First, there’s the waiting room, which has at best lasted thirty seconds and at worst lasted eight hours.  We were somewhere in the middle on this one.  Then there’s triage, where they try to find a vein, fail miserably, give up and put me in a room.  They send another nurse, the “vein whisperer,” if you will, and she pulls out all the stops.  Still, nothing, and they go to the foot.  Finally, they’re taking blood.  Finally, I can get some meds.  Compazine and Zofran and Ativan and Morphine…and then there is sleep.
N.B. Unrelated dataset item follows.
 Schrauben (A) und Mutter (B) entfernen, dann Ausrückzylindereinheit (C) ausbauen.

I wake up and they tell me I can’t leave, my blood sugar is too high, because of course diabetes wants to come out and play, too.  They will keep me overnight for observation, which sounds simple but means I probably won’t be out until at least supper time.  I wake up in the night in pain, more morphine; I wake up nauseated, more Zofran.  Someone brings a breakfast I don’t touch.  Someone takes my blood.  Someone else brings fresh water, and that tastes remarkable.  My blood sugar is normal again, and if I eat, they’ll take out my IV.  I do as I’m told between sleeps.
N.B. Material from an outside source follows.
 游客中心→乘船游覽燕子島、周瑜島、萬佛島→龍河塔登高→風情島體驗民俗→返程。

Eventually a doctor comes around the same time as my lunch tray and tells me I can go home if I eat soup a little soupier than that they just gave me.  I wait longer for food.  I eat, I don’t throw up, so I call my nurse and tell her I want to go home.  I wait.  Three hours later, she takes the IV out of my foot, tests my blood sugar, and sends me on my way.

This is a short visit.  This isn’t the nine days I spent in June, and it doesn’t feel like October when I went back three times in a week.  This is just one day that throws me off by a century.  I wake up this morning with pain in my stomach and a faulty gag reflex and run to the bathroom, terrified that we will be going back for round two.  I take my meds and pray they stay down.  I eat a cracker.  I wait.  Eventually the pain subsides and I don’t feel the urge to puke, so I eat another cracker.  I wait.

There’s a lot of waiting.

Now, I sit at my desk which is downright buried under stuff, because of course the house looks like four child-sized tornados went through it.  Cleanup is also the thing I do on Mondays, right after posting my blog, and it is the thing I will be doing this Wednesday, despite my body being tired from retching and my brain foggy from medications.  I have to do it though, because I need that normalcy in my life.  I need that to hold onto when I lose a day, or three, to a broken gut.